● **WHAT IS NEEDED**
From the entries that follow, copy exactly the lines beginning at the line holding "Compagnie Yokai - Nature Morte." and continuing through the line holding "Kuvio 1. Ikääntyneen".

• • • • •

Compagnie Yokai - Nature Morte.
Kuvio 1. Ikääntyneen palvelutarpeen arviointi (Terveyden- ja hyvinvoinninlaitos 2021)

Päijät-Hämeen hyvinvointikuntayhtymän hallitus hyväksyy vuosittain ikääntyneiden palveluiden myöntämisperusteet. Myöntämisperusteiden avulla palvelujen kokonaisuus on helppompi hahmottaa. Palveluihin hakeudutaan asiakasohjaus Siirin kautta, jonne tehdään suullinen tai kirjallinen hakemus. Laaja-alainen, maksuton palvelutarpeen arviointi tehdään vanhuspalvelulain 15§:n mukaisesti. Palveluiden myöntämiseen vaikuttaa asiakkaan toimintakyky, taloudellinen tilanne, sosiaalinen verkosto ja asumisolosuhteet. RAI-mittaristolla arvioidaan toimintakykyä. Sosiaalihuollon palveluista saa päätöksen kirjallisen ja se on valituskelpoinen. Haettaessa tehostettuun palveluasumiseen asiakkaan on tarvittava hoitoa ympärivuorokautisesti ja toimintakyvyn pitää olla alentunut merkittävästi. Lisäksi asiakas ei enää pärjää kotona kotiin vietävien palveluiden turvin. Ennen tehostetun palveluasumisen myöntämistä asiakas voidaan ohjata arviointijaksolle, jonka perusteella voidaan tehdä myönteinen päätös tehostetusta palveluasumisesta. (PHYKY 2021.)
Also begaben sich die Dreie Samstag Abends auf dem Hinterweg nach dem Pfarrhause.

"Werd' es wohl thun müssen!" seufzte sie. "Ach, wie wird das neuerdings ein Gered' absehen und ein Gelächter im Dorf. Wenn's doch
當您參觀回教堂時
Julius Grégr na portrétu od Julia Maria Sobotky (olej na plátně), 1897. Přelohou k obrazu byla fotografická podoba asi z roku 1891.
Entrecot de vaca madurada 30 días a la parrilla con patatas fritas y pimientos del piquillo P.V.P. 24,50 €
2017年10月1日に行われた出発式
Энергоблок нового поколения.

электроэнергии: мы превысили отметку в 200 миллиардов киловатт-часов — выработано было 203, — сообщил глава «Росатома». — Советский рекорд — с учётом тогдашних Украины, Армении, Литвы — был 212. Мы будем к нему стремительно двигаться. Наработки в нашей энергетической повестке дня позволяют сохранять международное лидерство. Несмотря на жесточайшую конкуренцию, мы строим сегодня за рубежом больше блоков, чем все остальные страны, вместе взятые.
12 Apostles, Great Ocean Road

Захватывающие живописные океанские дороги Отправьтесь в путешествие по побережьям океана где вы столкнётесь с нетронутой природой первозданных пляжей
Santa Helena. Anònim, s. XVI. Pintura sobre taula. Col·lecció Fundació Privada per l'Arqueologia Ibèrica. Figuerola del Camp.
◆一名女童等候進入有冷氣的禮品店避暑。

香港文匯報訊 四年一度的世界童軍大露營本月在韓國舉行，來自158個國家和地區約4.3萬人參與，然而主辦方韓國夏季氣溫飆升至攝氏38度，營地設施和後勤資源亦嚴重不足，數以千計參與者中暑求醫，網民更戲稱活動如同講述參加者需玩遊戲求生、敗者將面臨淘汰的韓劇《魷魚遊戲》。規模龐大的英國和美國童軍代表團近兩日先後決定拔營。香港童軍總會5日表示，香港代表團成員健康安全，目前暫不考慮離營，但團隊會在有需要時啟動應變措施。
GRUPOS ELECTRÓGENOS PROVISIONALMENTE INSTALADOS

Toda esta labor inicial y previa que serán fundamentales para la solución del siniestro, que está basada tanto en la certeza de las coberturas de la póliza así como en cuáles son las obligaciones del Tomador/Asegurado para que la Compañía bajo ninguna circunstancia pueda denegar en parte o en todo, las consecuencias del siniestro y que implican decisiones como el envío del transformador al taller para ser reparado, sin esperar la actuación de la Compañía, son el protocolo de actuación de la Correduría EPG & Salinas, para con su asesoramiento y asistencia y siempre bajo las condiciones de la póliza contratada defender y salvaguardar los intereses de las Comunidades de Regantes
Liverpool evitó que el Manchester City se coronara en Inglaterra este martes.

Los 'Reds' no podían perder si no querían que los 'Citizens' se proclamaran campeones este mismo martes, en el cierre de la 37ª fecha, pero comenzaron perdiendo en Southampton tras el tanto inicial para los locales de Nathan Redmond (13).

• • • • •

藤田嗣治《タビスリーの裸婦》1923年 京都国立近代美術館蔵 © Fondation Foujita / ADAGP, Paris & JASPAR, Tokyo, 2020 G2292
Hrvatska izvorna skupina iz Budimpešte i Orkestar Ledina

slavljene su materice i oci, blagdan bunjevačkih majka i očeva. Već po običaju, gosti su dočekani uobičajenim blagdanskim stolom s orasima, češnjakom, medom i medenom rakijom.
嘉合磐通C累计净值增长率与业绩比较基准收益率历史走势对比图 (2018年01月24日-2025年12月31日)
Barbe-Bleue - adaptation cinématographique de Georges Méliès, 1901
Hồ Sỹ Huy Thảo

• • • • •

● **RESULT OF THE EXERCISE**
Compagnie Yokai - Nature Morte.
Kuvio 1. Ikääntyneen palvelutarpeen arviointi (Terveyden- ja hyvinvoinninlaitos 2021)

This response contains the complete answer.